- Born: Saudi Arabia
- Occupation: Fashion designer
- Years active: 2007–present
- Known for: Founder of Ashi Studio
- Website: ashistudio.com

= Mohammed Ashi =

Saudi Arabian fashion designer

Mohammed Ashi is a Saudi Arabian fashion designer and the founder of Ashi Studio, a fashion house recognized for its haute couture designs. Ashi gained notability for his architectural approach to fashion and craftsmanship.

== Early life and education ==
Ashi was born in Saudi Arabia. Ashi graduated from Esmod International Fashion University in Paris in 2004.

Before founding his own label, Ashi trained in the United States and worked for Givenchy and the Lebanese couturier Elie Saab.

== Career ==
In 2007, Ashi founded Ashi Studio, a couture house based in Beirut, Lebanon. The label gained attention for its sculptural silhouettes and minimalist aesthetic, combining contemporary design with traditional craftsmanship.

Ashi relocated the label's atelier to Paris in 2018. He was later appointed a mentor to Saudi Arabia's Fashion Commission, the government body established in 2020 to develop the country's fashion industry.

In 2023, Ashi became the first designer from the Gulf region to be invited to show at Paris Haute Couture Week under the official calendar of the French Haute Couture Federation. His designs have been worn by Beyoncé, Lady Gaga, and Queen Rania of Jordan.

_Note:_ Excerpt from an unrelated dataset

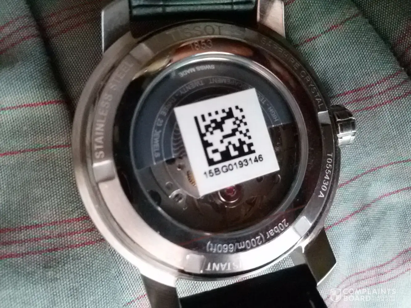 I now notice that the Serial Number is not engraved on the case back between WATER RESISTANT and STAINLESS STEEL, where it is supposed to be engraved. This space is empty. This can be seen from the picture uploaded. There is only a QR sticker which displays the serial number. I have written to the Dealer but there has been no reply. I have left messages on TISSOT website under 'Contact Us' but there has been no response yet.

In 2024, Forbes included Ashi in their list of "fashion innovators."

== Clientele ==
Ashi's designs have appeared on red carpets at events including the Oscars and the Cannes Film Festival. Those who have worn his work include Beyoncé, Deepika Padukone, Zendaya, and Cardi B. Beyoncé wore one of his gowns at a memorial event for Nelson Mandela. In 2017, the director Ava DuVernay wore an Ashi design at the Academy Awards.